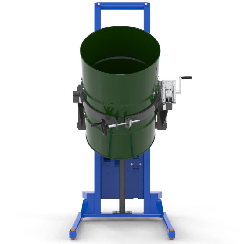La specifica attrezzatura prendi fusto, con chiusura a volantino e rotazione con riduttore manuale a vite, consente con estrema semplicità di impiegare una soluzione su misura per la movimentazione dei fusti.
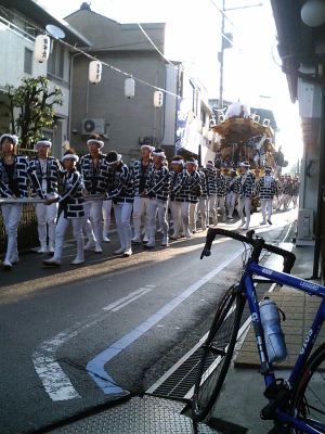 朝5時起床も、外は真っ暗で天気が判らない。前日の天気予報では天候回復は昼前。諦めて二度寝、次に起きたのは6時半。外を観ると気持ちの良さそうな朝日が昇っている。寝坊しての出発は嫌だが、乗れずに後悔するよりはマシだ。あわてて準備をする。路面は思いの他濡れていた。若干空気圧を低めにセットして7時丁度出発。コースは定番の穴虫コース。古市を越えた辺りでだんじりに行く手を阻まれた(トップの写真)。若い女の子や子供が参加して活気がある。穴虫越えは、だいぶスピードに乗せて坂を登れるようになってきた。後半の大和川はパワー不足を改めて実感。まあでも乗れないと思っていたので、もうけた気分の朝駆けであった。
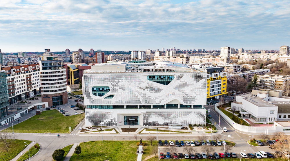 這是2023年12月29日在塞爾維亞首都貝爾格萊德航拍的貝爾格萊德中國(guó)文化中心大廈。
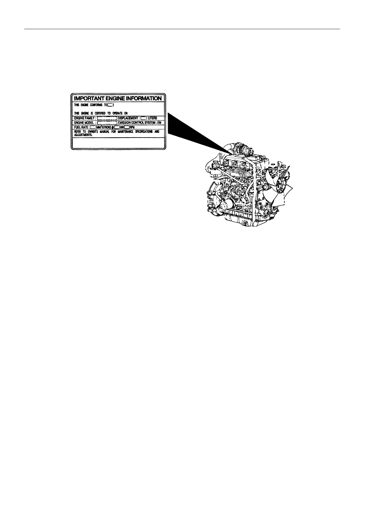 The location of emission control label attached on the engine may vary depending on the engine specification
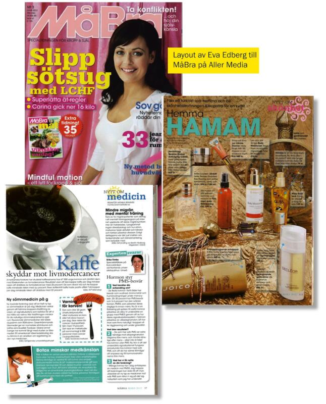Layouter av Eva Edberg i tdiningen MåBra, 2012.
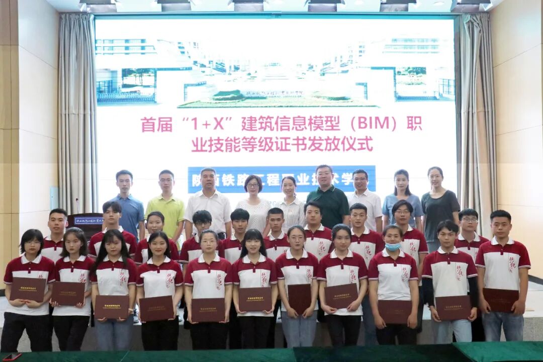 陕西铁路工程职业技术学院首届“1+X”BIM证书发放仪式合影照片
● ● ● ● ●
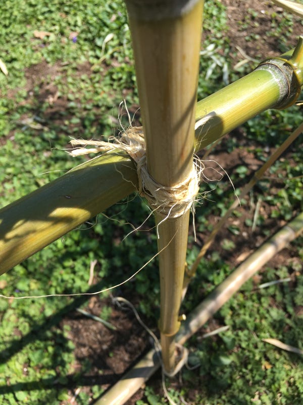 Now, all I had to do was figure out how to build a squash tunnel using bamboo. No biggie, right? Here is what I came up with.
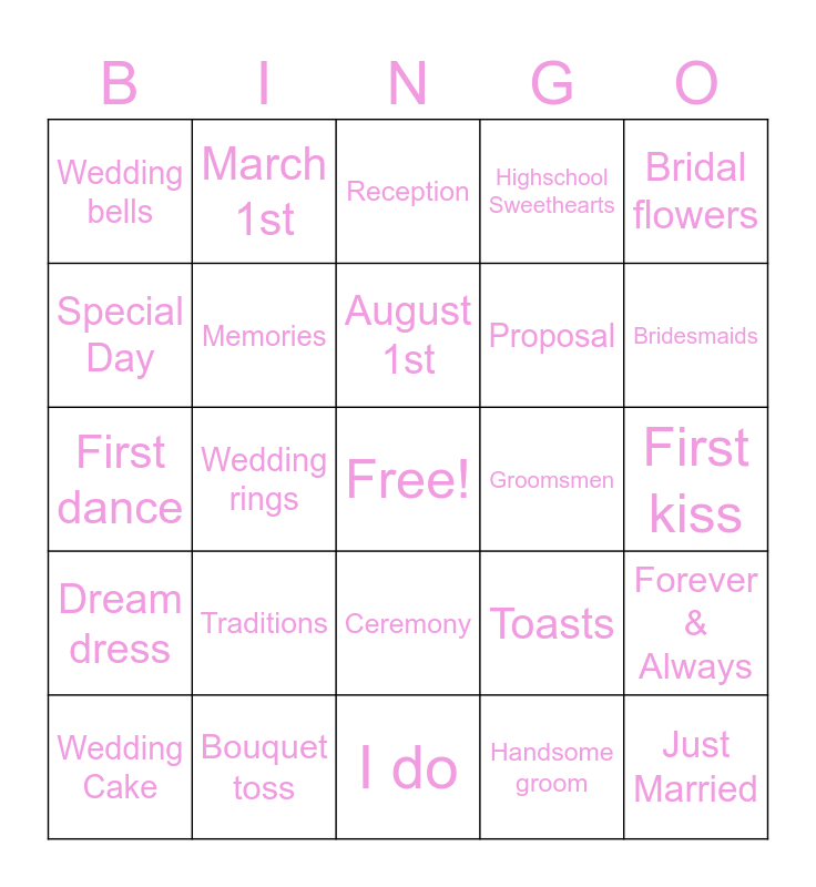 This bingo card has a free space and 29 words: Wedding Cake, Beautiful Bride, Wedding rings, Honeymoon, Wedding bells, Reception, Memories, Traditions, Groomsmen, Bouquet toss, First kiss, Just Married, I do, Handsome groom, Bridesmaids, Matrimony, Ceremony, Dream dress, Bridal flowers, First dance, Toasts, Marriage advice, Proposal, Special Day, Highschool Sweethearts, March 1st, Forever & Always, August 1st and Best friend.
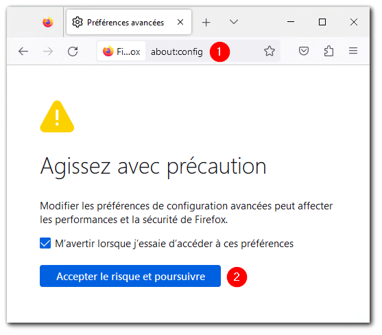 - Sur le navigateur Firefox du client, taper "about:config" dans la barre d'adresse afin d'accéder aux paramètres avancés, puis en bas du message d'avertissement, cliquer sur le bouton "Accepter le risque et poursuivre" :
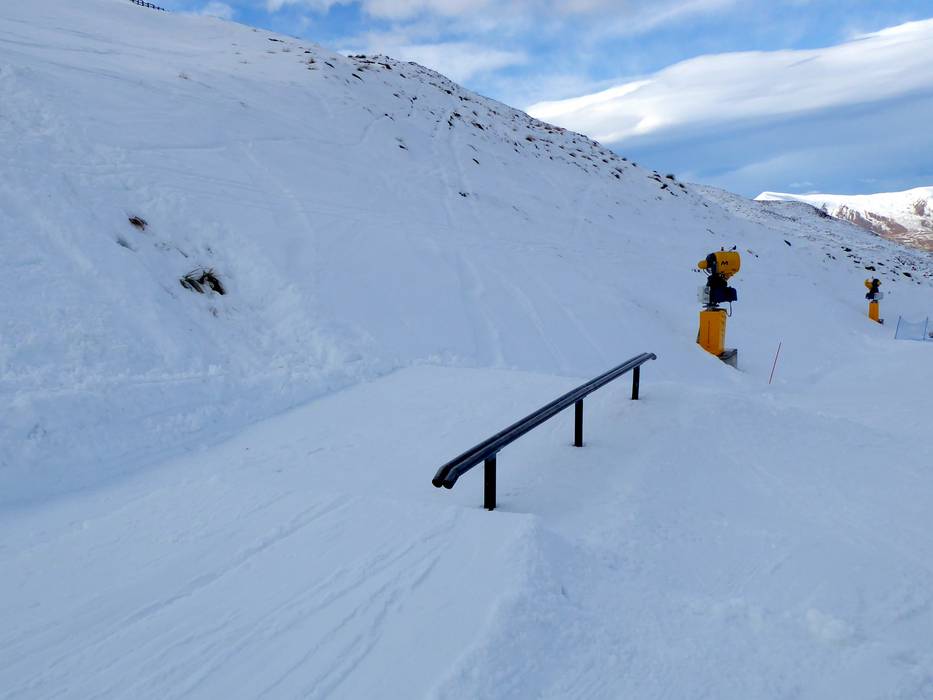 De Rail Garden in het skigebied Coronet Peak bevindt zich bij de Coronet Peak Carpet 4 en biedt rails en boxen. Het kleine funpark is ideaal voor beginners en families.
● ● ● ● ●
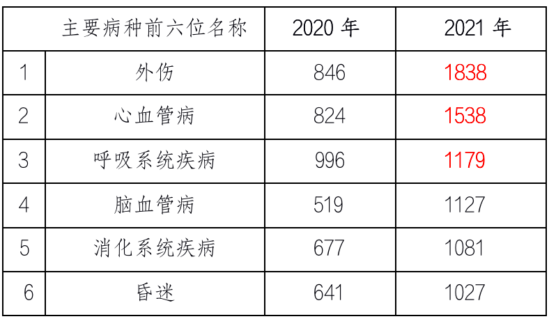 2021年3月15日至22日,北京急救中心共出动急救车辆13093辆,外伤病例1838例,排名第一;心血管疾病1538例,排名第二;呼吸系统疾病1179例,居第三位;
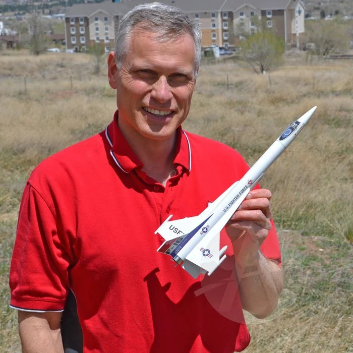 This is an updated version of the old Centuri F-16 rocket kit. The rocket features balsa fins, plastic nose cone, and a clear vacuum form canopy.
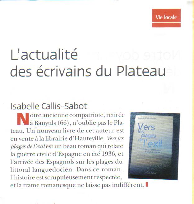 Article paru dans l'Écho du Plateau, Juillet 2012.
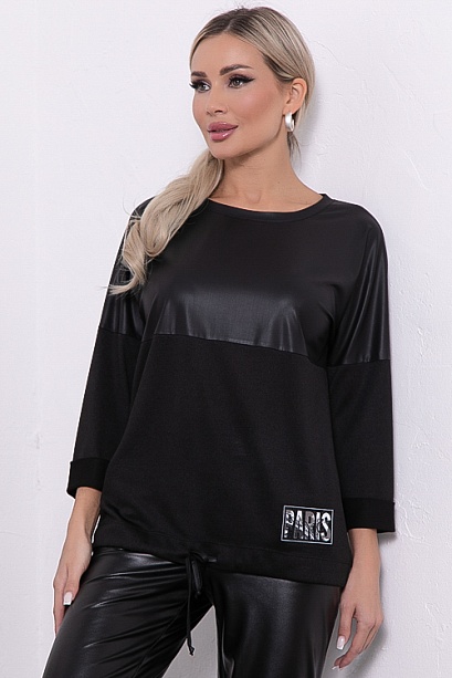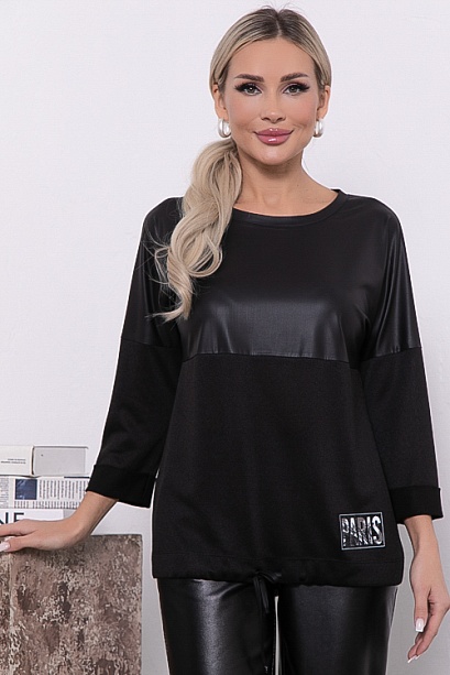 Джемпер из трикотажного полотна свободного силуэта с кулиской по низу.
● ● ● ● ●
What is needed is an exact copy of the lines above from the one with "- Sur le navigateur" to the one with "De Rail Garden", both ends kept, and nothing more; please leave the pictures out.

REPLY:
 - Sur le navigateur Firefox du client, taper "about:config" dans la barre d'adresse afin d'accéder aux paramètres avancés, puis en bas du message d'avertissement, cliquer sur le bouton "Accepter le risque et poursuivre" :
 De Rail Garden in het skigebied Coronet Peak bevindt zich bij de Coronet Peak Carpet 4 en biedt rails en boxen. Het kleine funpark is ideaal voor beginners en families.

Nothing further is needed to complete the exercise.